Гольдмах обнял партнершу за тоненькую талию и сразу почувствовал, как под складками платья волнуется тело девушки, услышал, как пульсирует кровь в ее венах.

— Меня зовут Лика, — представилась она. — Имя мне не нравится, но терплю. Так захотелось моим родителям.

— Вы родственница невесты? — поинтересовался Гольдмах.

— Троюродная сестра, — презрительно усмехнулась Лика и тут же пояснила: — Если честно, я впервые вижу невесту. Наши родители давно не поддерживают отношений. И приглашение нам прислали, только чтобы соблюсти приличия. Но оно опоздало. Мама с папой укатили в деревню на целый месяц, а я решила поразвлечься.

— А почему не поехали в деревню?

— У меня скоро экзамены. Я поступаю в медицинский институт. Что вы так на меня смотрите? Не верите, что я уже окончила школу? — Она засмеялась. — Никто не верит! А мне, между прочим, скоро восемнадцать!

— Не может быть!

— А вам, Миша, никак не меньше тридцати!

— Всего двадцать четыре.

— Не может быть!

Они удивляли друг друга, пока не закончилась музыка.

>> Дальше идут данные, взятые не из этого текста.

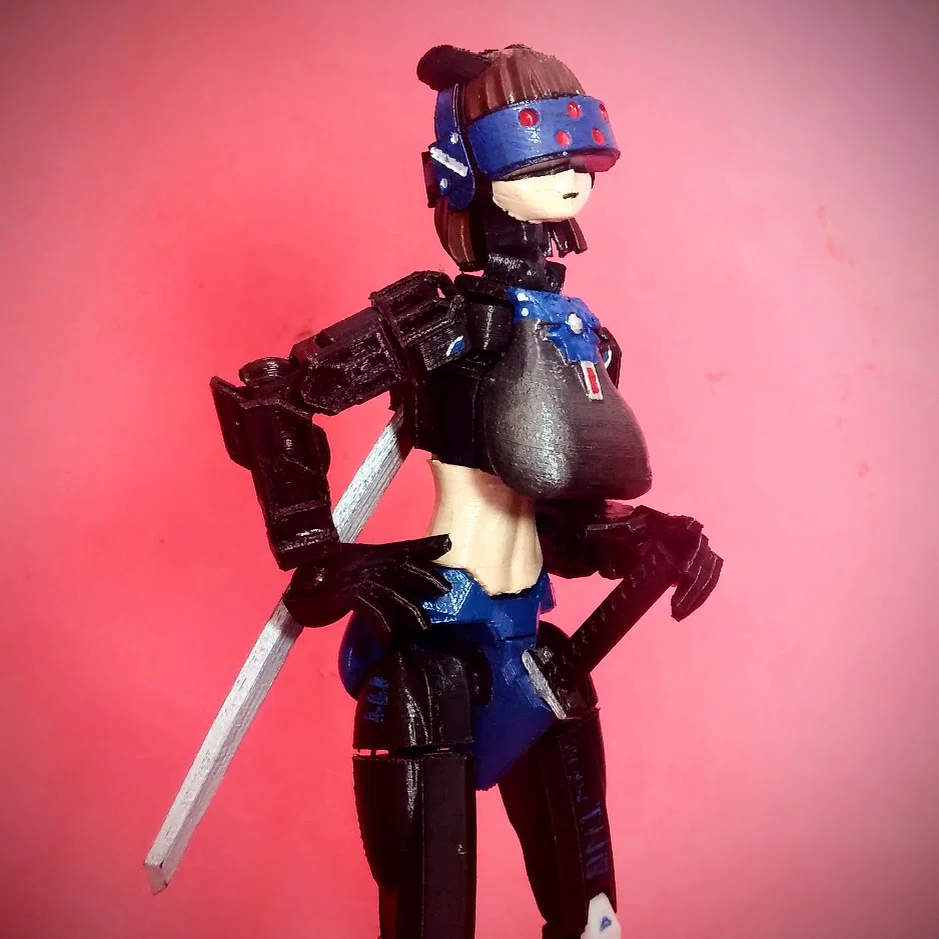 Chỉnh sửa đơn giản để thêm một cái croth holster giống với artwork này: https://www.artstation.com/artwork/aod6x0 . Mình cũng thêm một cây Tanto, chỉnh từ katana vì mình không muốn một thanh kiếm dài lủng lẳng giữa hai chân của nhân vật.
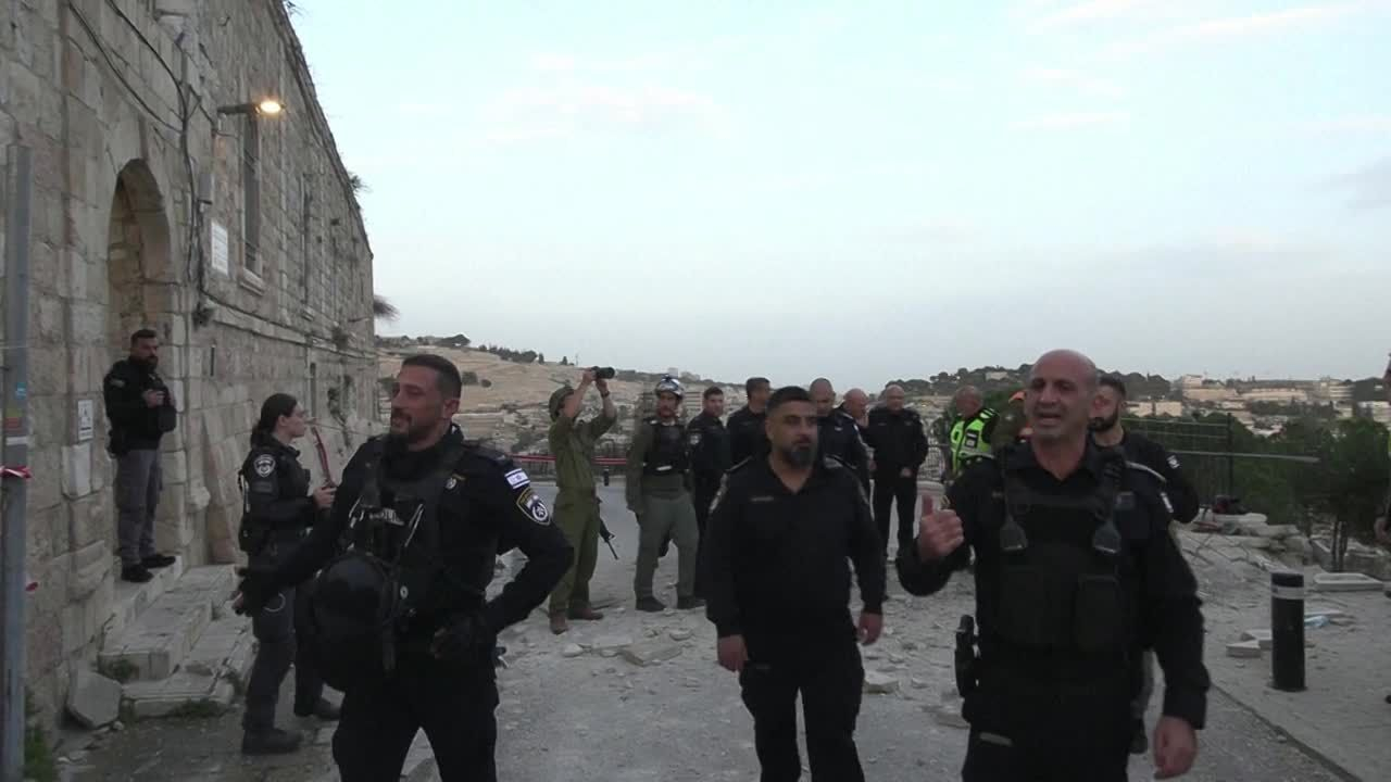 Images des forces de sécurité sur les lieux de l'impact de débris de missile ou d'intercepteur dans la Vieille Ville de Jérusalem, après une alerte aux missiles iraniens. IMAGES

— Теперь я приглашаю вас, — улыбнулся Миша.

— Здорово! — захлопала в ладоши Лика и вдруг заявила: — Мы просто нашли друг друга! Знаете, я терпеть не могу всех этих солдафонов!

— Тише! — Вновь обхватил он ее за талию и прижал к себе. — Вас могут услышать!

— И пусть! А то считают себя завоевателями, неотразимыми мужиками! Тьфу! Фанфароны!

— Что вы, Лика, так ополчились на них?

— А давайте на «ты»!

— Давайте!

Никогда еще он не чувствовал себя с женщиной так легко, так непринужденно. Всегда приходилось взвешивать слова, направлять в нужное русло беседу, ожидать подвоха, распознавать сарказм. Здесь же, во время этого бесконечного танца, все выходило как-то само собой.

— Один из этих ухарей, не церемонясь, предложил мне запереться с ним в ванной! Представляешь? Они бы лучше в Чечне такими смелыми были, как с бабами на гражданке!

Лика говорила все громче и громче и начала привлекать к себе внимание. Однополчане объединились с родственниками и бросали на обоих недовольные взгляды. Невеста сидела надутая. Жених уже лыка не вязал. Перезрелые девицы трясли своими прелестями перед солдатиками, подражая движениям техно.

— Давай уйдем по-английски, — предложил девушке Гольдмах.

— Давай! — согласилась она.

Вечер был теплый, с приятным ветерком. Как нельзя кстати после жаркого, душного дня.

Они шли пешком в сторону городского пруда.

— А ты что делал на этой дурацкой свадьбе? — спросила она.